> First, you claimed that there was no L3 BW test.
I claimed that they did not provide figures for L3 cache bandwidth. They did not.
> Now, I am not even sure if you're trolling me or lacking knowledge or what at this point?
You should be grateful that a professional is taking time out of his day to explain things that you do not understand.
> Please do tell what you consider a "proper test of L3 cache"? And why do you consider their test invalid?
You cannot measure L3 cache performance by measuring the bandwidth on a region of memory larger than the L3 cache. What they did is a partially cached test and it does not necessarily reflect the true L3 cache performance.
> I am curious because triggering 32 physical core threads to run over 32 independent chunks of data (totaling 3G and not 128M) seems like a pretty valid read BW experiment to me.
You just described a generic memory bandwidth test that does not test L3 cache bandwidth at all. Chips and Cheese’s graphs show performance at different amounts of memory to show the performance of the memory hierarchy. When they exceed the amount of cache at a certain level, the performance transitions to different level. They did benchmarks on different amounts of memory to get the points in their graph and connected them to get a curve.
> Right, but you missed the part that former is configured for the server market and the latter for the client market. Two different things, two different chips, different memory controllers if you wish. That's why you cannot compare one to each other directly without caveats.
The Xeon Max chips with its HBM2e memory is the one place where 2 AVX-512 loads per cycle could be expected to be useful, but due to internal bottlenecks they are not.
Also, for what it is worth, Intel treats AVX-512 as a server only feature these days, so if you are talking about Intel CPUs and AVX-512, you are talking about servers.
> But that's what you said trying to refute the fact why Intel was in a lead over AMD up until zen5? You're claiming that AVX-512 workloads and load-store BW are largely irrelevant because CPUs are anyway bottlenecked by the system memory bandwidth.
I never claimed AVX-512 workloads were irrelevant. I claimed doing more than 1 load per cycle on AVX-512 was not very useful for performance.
Intel losing its lead in the desktop space to AMD is due to entirely different reasons than how many AVX-512 loads per cycle AMD hardware can do. This is obvious when you consider that most desktop workloads do not touch AVX-512. Certainly, no desktop workloads on Intel CPUs touch AVX-512 these days because Intel no longer ships AVX-512 support on desktop CPUs.
To be clear, when you can use AVX-512, it is useful, but the ability to do 2 loads per cycle does not add to the usefulness very much.
> I am all ears to hear what datacenter workloads you have in mind that are CPU-bound?

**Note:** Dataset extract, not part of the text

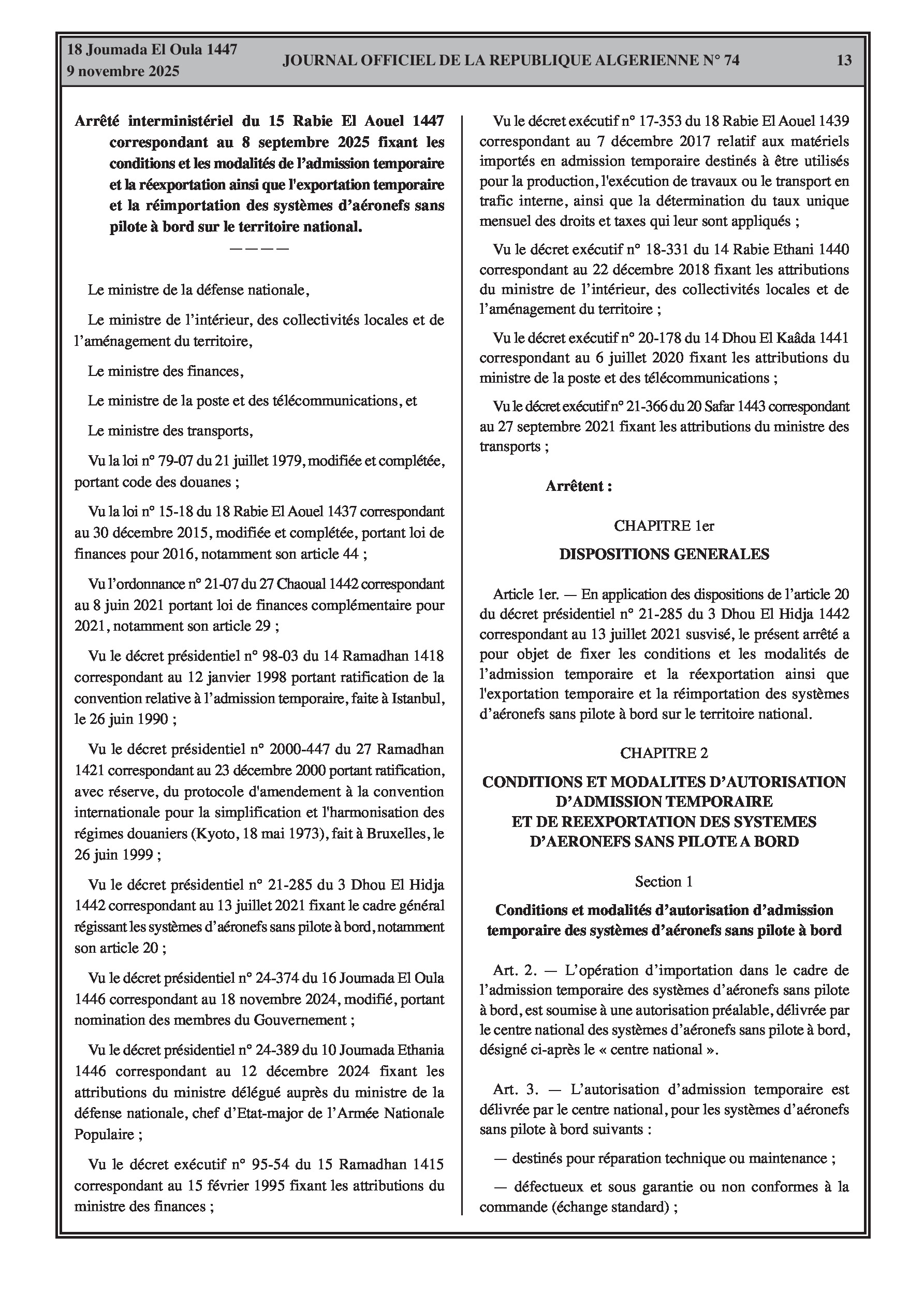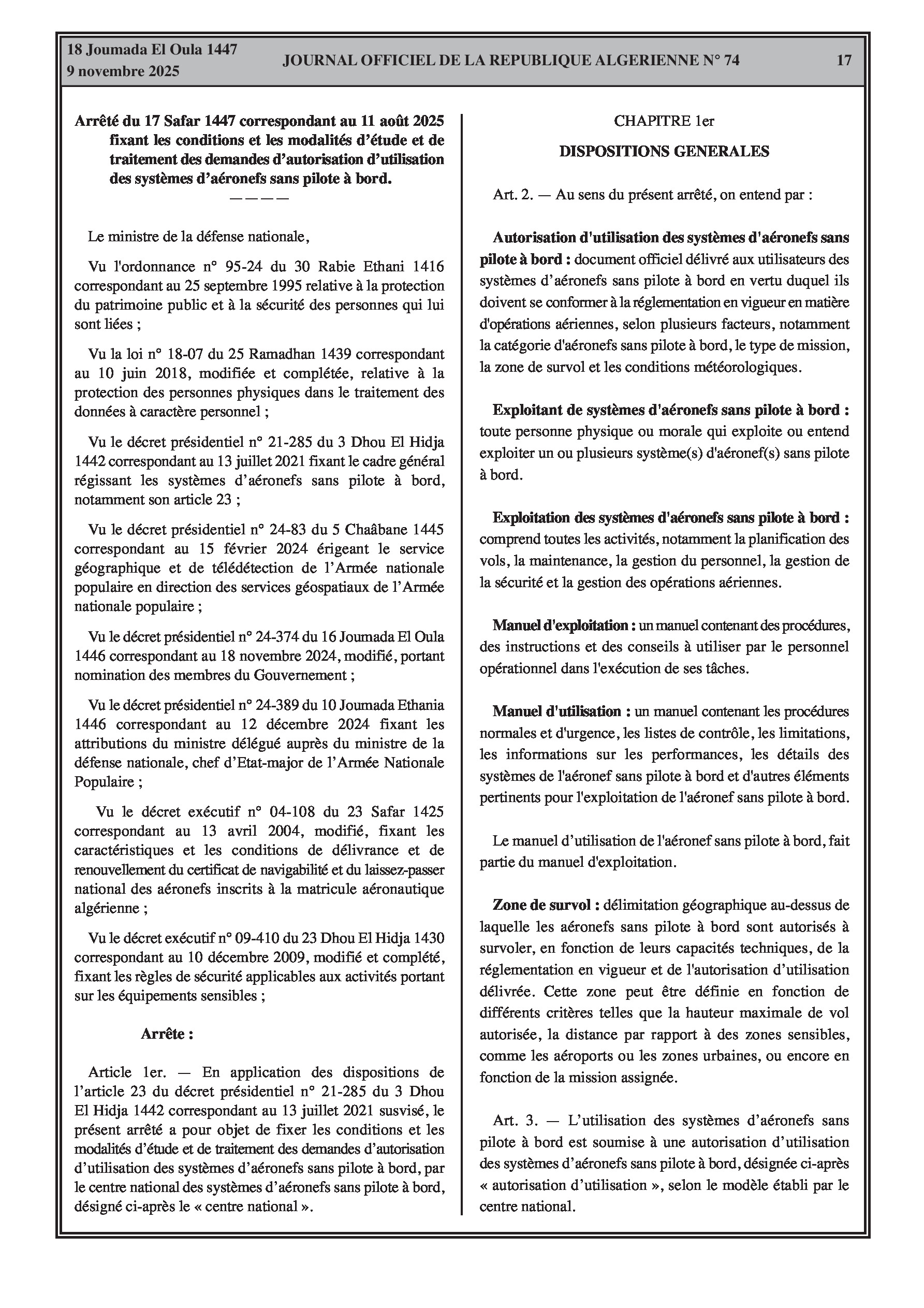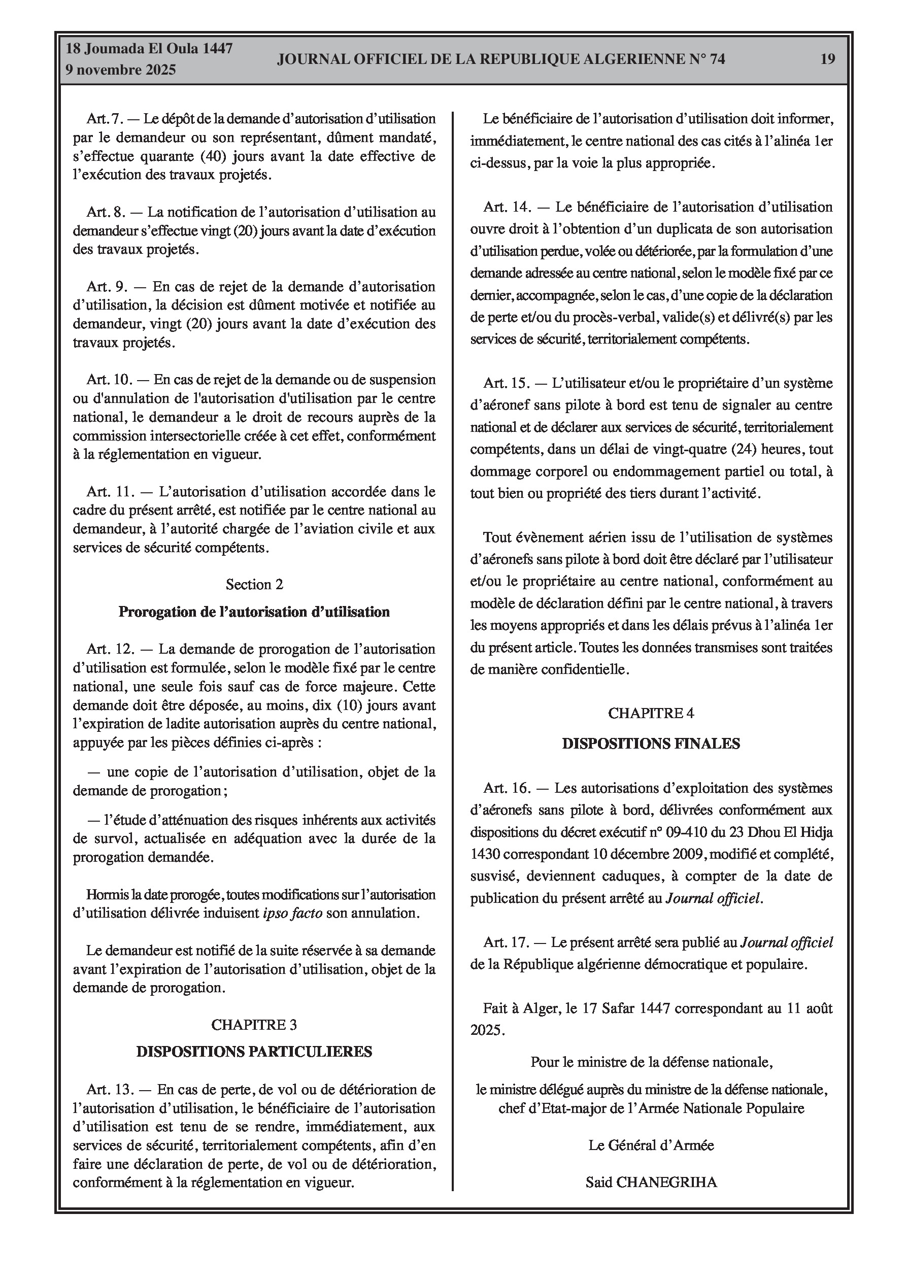 Publication d'un nouveau cadre juridique complet régissant l'utilisation des drones, désaffectation de 105 hectares de terres agricoles pour la création d'un pôle urbain à Ramdane Djamel (Skikda), et une série de nominations à de hauts postes de l'État.

This is not a well formed question. See my remarks further down in this reply where I address your fabricated 99% figure for the reason why.
> Any workload besides the most simplest one is at some point bound by the memory BW.
Simple workloads are bottlenecked by memory bandwidth (e.g. BLAS levels 1 and 2). Complex workloads are bottlenecked by compute (e.g. BLAS level 3). A compiler for example is compute bound, not memory bound.
> You're contradicting your own claims by saying that cache is there to hide (cut) the latency but then you continue to say that this is irrelevant. Not sure what else to say here.
There is no contradiction. The cache is there to hide latency. The TACC explanation of how queuing theory applies to CPUs makes it very obvious that memory bandwidth is inversely proportional to memory access times, which is why the cache has more memory bandwidth than system RAM. It is a side effect of the actual purpose, which is to reduce memory latency. That is an attempt to reduce the von Neumann bottleneck.
To give a concrete example, consider linked lists. Traversing a linked list requires walking random memory locations. You have a pointer to the first item on the list. You cannot go to the second item without reading the first. This is really slow. If the list is frequently accessed to be in cache, then the cache will hide the access times and make this faster.
> 99% of the datacenter machines are not attached to the GPU. Does that mean that 99% of datacenter workloads are not "truly exceptional" for whatever the definition of that formulation and they are therefore mostly CPU bound?
99% is a number you fabricated. Asking if something is CPU bound only makes sense when you have a GPU or some other accelerator attached to the CPU that needs to wait on commands from the CPU. When there is no such thing, asking if it is CPU bound is nonsensical. People instead discuss being compute bound, memory bandwidth bound or IO bound. Technically, there are three ways to be IO bound, which are memory, storage and network. Since I was already discussing memory bandwidth bound work loads, my inclusion of IO bound as a category refers to the other two subcategories.
By the way, while memory bandwidth bound workloads are better run on GPUs than CPUs, that does not mean all workloads on GPUs are memory bandwidth bound. Compute bound workloads with minimal branching are better done on GPUs than CPUs too.